Bug #53046 dict_update_statistics_low can still be run concurrently on same table
Submitted: 22 Apr 2010 5:58 Modified: 10 Jan 2011 22:30
Reporter: Shane Bester (Platinum Quality Contributor) Email Updates:
Status: Closed Impact on me:
None 
Category:MySQL Server: InnoDB Plugin storage engine Severity:S5 (Performance)
Version:plugin 1.0.7 OS:Any
Assigned to: Vasil Dimov CPU Architecture:Any

[22 Apr 2010 5:58] Shane Bester
Description:
this is a continuation of bug #38996

calls from ha_innobase::info can still invoke dict_update_statistics_low concurrently on the same table.  this is especially true if innodb_stats_on_metadata=ON which is the default.

How to repeat:
set a breakpoint, or sleep in dict_update_statistics_low then run
show table status like 't1' in multiple connections.

Suggested fix:
use a per table mutex, as this could save wasted disk i/o on concurrent
index dives.  

stop using the global analyze_mutex mutex, so that multiple analyze tables can be run on different tables at the same time.
[22 Apr 2010 7:40] Vasil Dimov
Grab!
[28 Apr 2010 8:50] Bugs System
A patch for this bug has been committed. After review, it may
be pushed to the relevant source trees for release in the next
version. You can access the patch from:

  http://lists.mysql.com/commits/106765

3427 Vasil Dimov	2010-04-28
      Fix Bug#53046 dict_update_statistics_low can still be run concurrently
      on same table
      
      Protect dict_index_t::stat_n_diff_key_vals[] with an array of
      mutexes.
      
      Testing: tested all code paths under UNIV_SYNC_DEBUG
      for the one in dict_print() one has to enable the InnoDB table monitor:
      CREATE TABLE innodb_table_monitor (a int) ENGINE=INNODB;
[28 Apr 2010 10:36] Bugs System
A patch for this bug has been committed. After review, it may
be pushed to the relevant source trees for release in the next
version. You can access the patch from:

  http://lists.mysql.com/commits/106786

3430 Vasil Dimov	2010-04-28
      Bug#53046 dict_update_statistics_low can still be run concurrently
      on same table
      
      Followup to vasil.dimov@oracle.com-20100428102033-dt3caf531rs3lidr :
      
      Add more asserions, which I forgot.
[5 May 2010 15:15] Bugs System
Pushed into 5.1.47 (revid:joro@sun.com-20100505145753-ivlt4hclbrjy8eye) (version source revid:kristofer.pettersson@sun.com-20100503172109-f9hracq5pqsaomb1) (merge vers: 5.1.47) (pib:16)
[28 May 2010 5:55] Bugs System
Pushed into mysql-next-mr (revid:alik@sun.com-20100524190136-egaq7e8zgkwb9aqi) (version source revid:alik@sun.com-20100512070920-xgpmqeytp0gc183c) (pib:16)
[28 May 2010 6:24] Bugs System
Pushed into 6.0.14-alpha (revid:alik@sun.com-20100524190941-nuudpx60if25wsvx) (version source revid:alik@sun.com-20100507093037-7cykrx1n73v0tetc) (merge vers: 6.0.14-alpha) (pib:16)
[28 May 2010 6:52] Bugs System
Pushed into 5.5.5-m3 (revid:alik@sun.com-20100524185725-c8k5q7v60i5nix3t) (version source revid:alexey.kopytov@sun.com-20100507164602-8w09samq3mpvbxbn) (merge vers: 5.5.5-m3) (pib:16)
[8 Jun 2010 22:59] Mark Callaghan
The race is still there. dict_table_get() checks table->stat_initialized without locking and then calls dict_update_statistics() when stat_initialized == 0.

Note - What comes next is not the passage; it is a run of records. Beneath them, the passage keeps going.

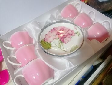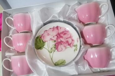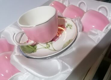 - Dekor: tacnice sa cvetnim motivom (ružičasti cvetovi i zeleni listovi) i diskretnom srebrnom ivicom; šoljice sa tankom srebrnom linijom uz rub.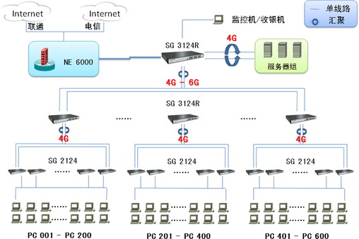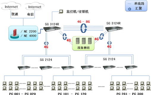 艾泰网吧汇聚解决方案提供内网4G带宽,保障内网数据高速传输,解决因内网数据量过大带来的网络慢、卡、掉,同时汇聚方案提供线路冗余,解决因为网线等物理介质故障带来的掉线甚至断网隐患,保障网吧始终不间断运营。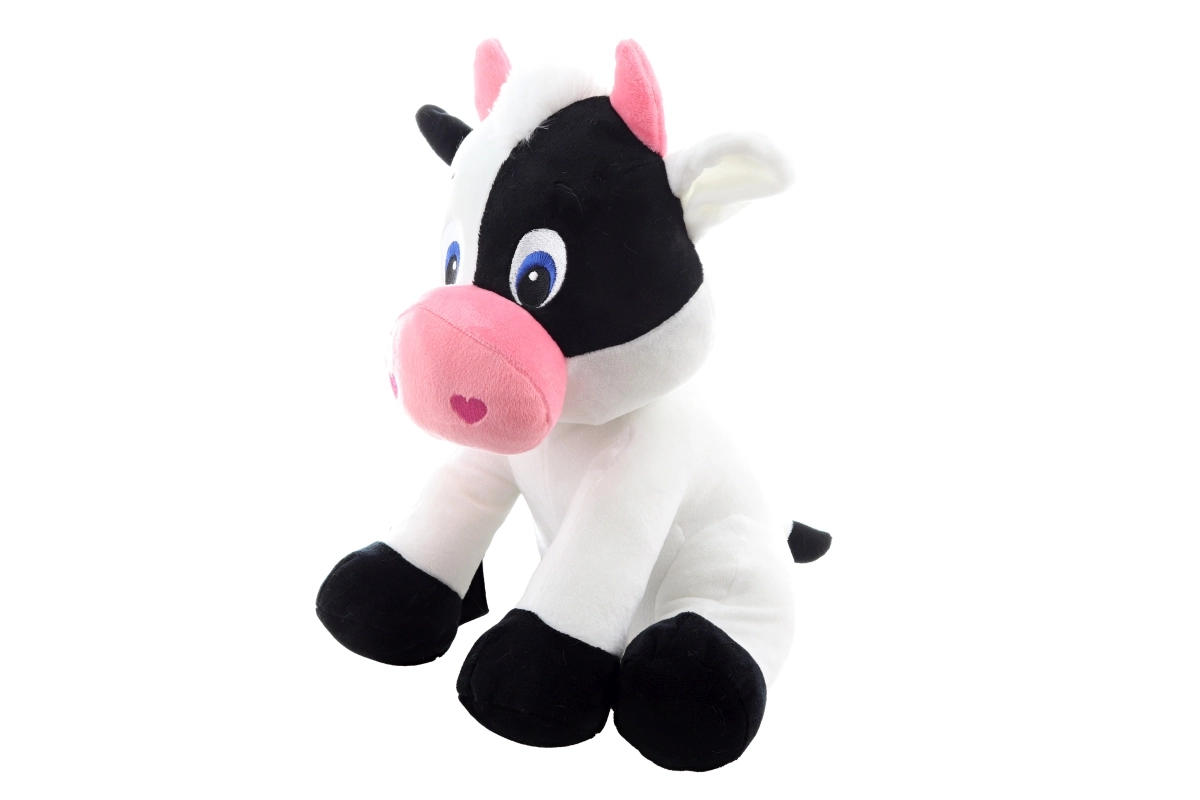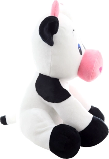 Adorable vache en peluche de 30 cm, le doudou idéal pour les bébés et les enfants plus grands. Fabriquée en matière douce et moelleuse, avec des détails délicatement brodés, elle tient parfaitement assise grâce à son corps stable. Parfaite comme doudou pour la nuit, compagne de voyage et décoration de chambre d’enfant. Convient dès 0+.

dict_update_statistics_low() can then do too much work when several sessions call it concurrently for the same index.

The facebook patch has a fix without this race:
http://bazaar.launchpad.net/~mysqlatfacebook/mysqlatfacebook/5.1/revision/3470

I think your change can work if you increase the duration for which dict_index_stat_mutex_enter/exit are called. Your change allows stats to be concurrently collected for different indexes on a table. I am not sure that is worth supporting.
[8 Jun 2010 23:11] Mark Callaghan
This fix also added use of the mutex for reads done by ha_innobase::info

I am wary of adding another source of mutex contention
[8 Jun 2010 23:26] Mark Callaghan
The assignments at the end of dict_update_statistics_low are another race. There are no pthread mutex calls that follow them. Another thread can observe stat_initialized=TRUE without observing the other writes. Read the C++ double-checked locking paper for details.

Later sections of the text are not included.